芥川賞を全作読んでみよう第3回その2『城外』小田嶽夫 |【感想】青年官吏の外国での孤独と若き恋の日々を古雅な筆致で描く
芥川賞を全作読んでみよう第3回その2、小田嶽夫『城外』をご紹介します。
芥川龍之介賞について
芥川龍之介賞とは、昭和10年(1935年)、文藝春秋の創業者・菊池寛によって制定された純文学における新人賞です。
受賞は年2回、上半期は、前年12月から5月までに発表されたものが対象、下半期は、6月から11月までに発表されたもの、が対象となります。
第三回芥川賞委員
菊池寛、久米正雄、山本有三、佐藤春夫、谷崎潤一郎、室生犀星、小島政二郎、佐々木茂索、瀧井孝作、横光利一、川端康成。
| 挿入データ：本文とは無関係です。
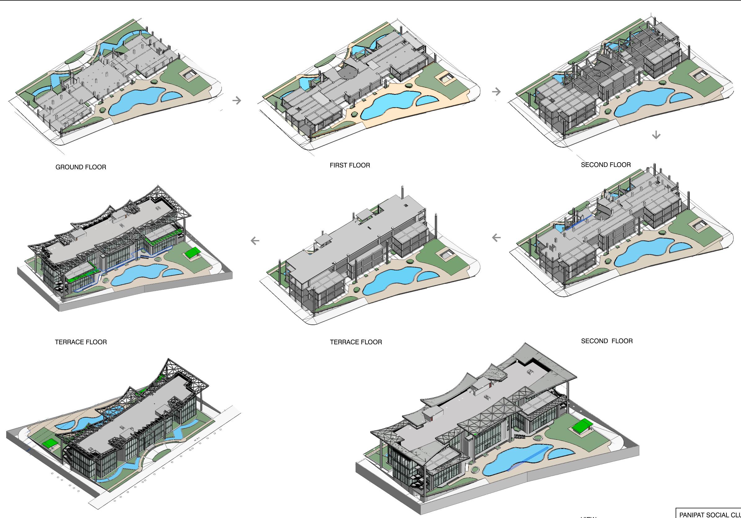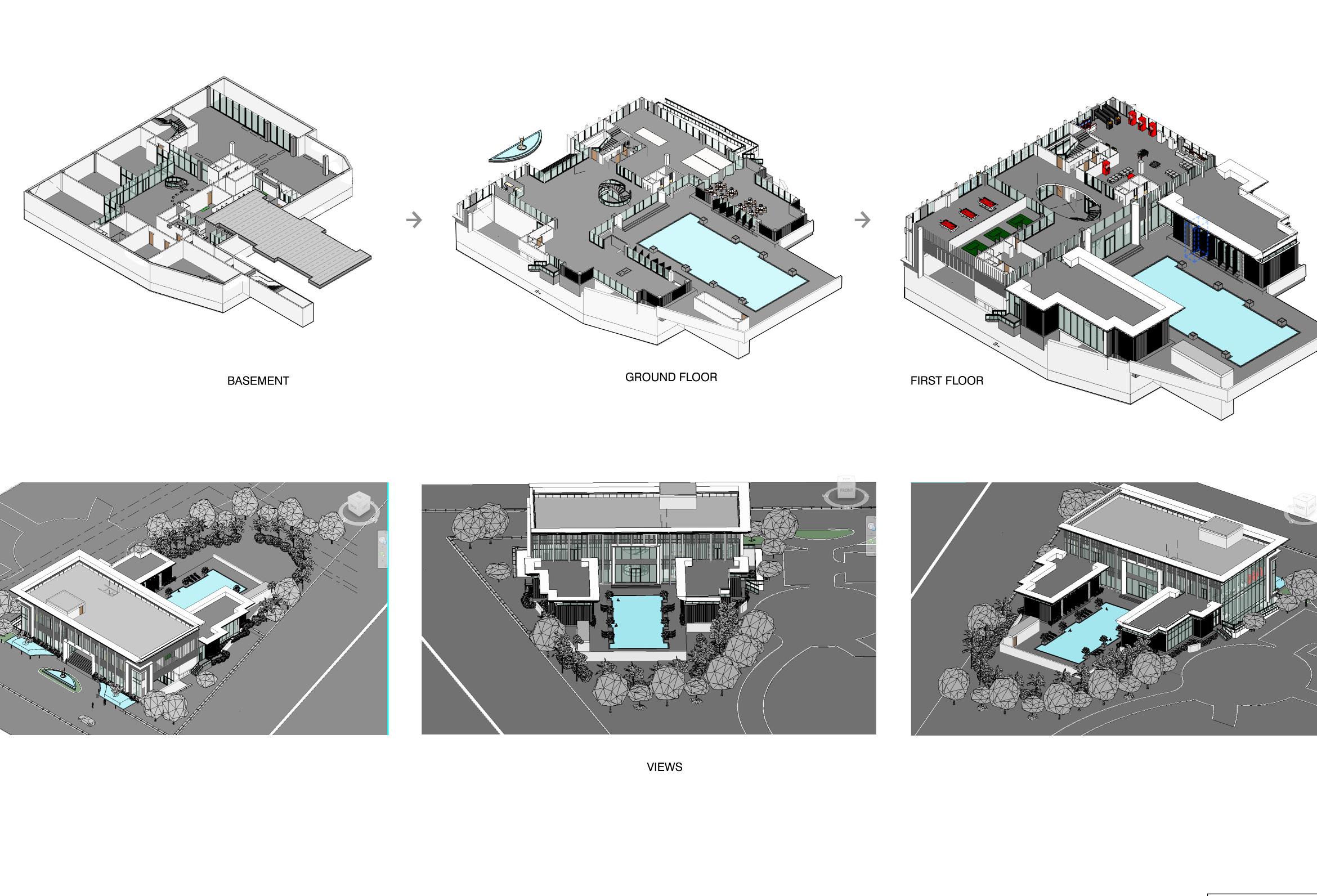As my first and most challenging project during my internship, M3M Sports Club helped me hone my Revit skills and navigate complex coordination issues with sanctioning authorities. The site presented unique challenges due to high-tension line setbacks, but through teamwork and problem-solving, we su ccessfully overcame these obstacles.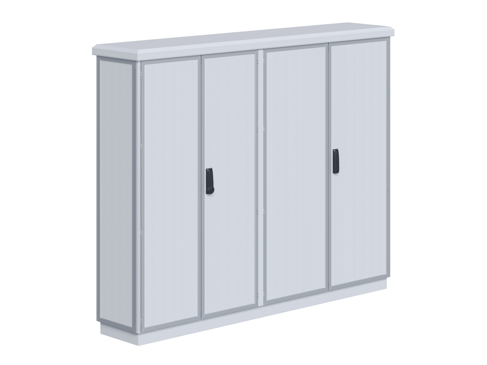 | Outdoor-Schaltschrank aus doppelwandigen Aluminiumprofilen mit EVU-Teil | 11111435 | 1.400 mm | 2.800 mm | 400 mm | Zu den Details |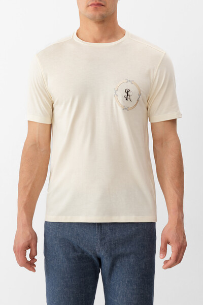 Футболка с крупной символикой бренда Stefano Ricci. Изделие выполнено из мягкого трикотажа на основе хлопка и модала ванильного оттенка. О принадлежности модели прямого силуэта Дому напоминает круглая дизайнерская вышивка в виде ремешков со вписанным в неё металлическим лого-монограммой.

第三回受賞作・候補作(昭和11年・1936年上半期)
前回の第二回が受賞作なしだったので、第三回は二作を受賞作として挙げたようです。
受賞作『城外』のあらすじ
感想
成長する若き愛情
初読の感想は「若いな……」でした。愛人である桂英との関係が人にバレるのを過度に恐れ、それを隠すために妓楼に赴くなど、人の目を気にしすぎる若者の感じがよく描かれているな、と感じました。
しかし、心細い外国で「異邦人の寂しみ」を味わう"私"の若い情欲が、やがて桂英と月銀の母娘に対する大きく温かな愛情へと変化していく過程は心温まるものがあります。
桂英との関係にやましさを感じ、人に秘密にしてきた"私"ですが、彼女が重い肺病にかかる段になり、それらが吹っ飛んでしまいます。
高熱を発し、死さえ匂わせる桂英と、身も世も無く悲しむ月銀を前にして、主人公はただおろおろと惑い、何とか桂英を救おうと医者を手配し入院の手続きをします。
ようやく回復した桂英と月銀の母娘へ送る"私"のまなざしは、幸福に満ちています。
おそらく私が長い生涯を送ると仮定して、その旅の最後の終りに過ぎてきた跡を追懐して見る時があるとするならば、その一と時の生活は崇高な燦爛たる金色を放って私の眸を眩暈させるかも知れない。
中国への興味
本書が受賞した1936年の翌年に南京事件が起こります。
そこに至るまでの、国民党、共産党、日本軍の極度の緊張関係は日本の読者の興味を中国との関係に注いでいたのでは、と思います。
2021年現在では歴史上の出来事ですが、本書が読まれた1936年では歴史ではなく"今"だったのだと考えると感慨深いです。
著者の外交官経験
著者の小田嶽夫は外務省の職員で、中国・杭州の領事館などに勤務していたこともあるそうです。
本作はまさにそういった経験から描かれた物語と言えるでしょう。
ただ『コシャマイン記』と比べると……
確かに良い作品ではありますが、実はダブル受賞の『コシャマイン記』と比べると、少し見劣りするな……というのが正直な感想です。
選評委員の評も『コシャマイン記』についてはほぼ称賛されており、満場一致で受賞が決定したのに対し、あまり言及がされていないように感じました。
選評委員の意見もクォリティより長年の努力を評価している向きが多いように思います。
小田君の「城外」は少々清新な味に欠けるもので、この点受賞を躊躇した向もあったけれど十年この道に努力した跡はさすがに顕著で老成した味の尊重すべきものを思う。(佐藤春夫)
小田氏は長年の勉強が認められたのは、喜ばしい。(川端康成)
「城外」はいまだしの感ありと席上で云ったら、行き過ぎている位永い事書いている人だという事で驚いた。この「城外」の当選はやや幸運の感がなくもなし、(佐々木茂索)
小島政二郎、室生犀星、については「城外」に言及さえしていません。
しかし、菊池寛は
「城外」は現代物の中では、一番自分の心に残った。
小田嶽夫氏の「城外」は文章のしっかりしている点で一番感心した。それに情婦に対する愛情もなかなかよく描けているようだ。
と好印象だったようです。
委員の中心人物である菊池寛が推したことと、著者の長年の努力、昨年度(第二回)の受賞作がなかったこと、中国への関心が高まっていたこと時運、などが合わさったラッキー受賞だったとも言えるかな、と思います。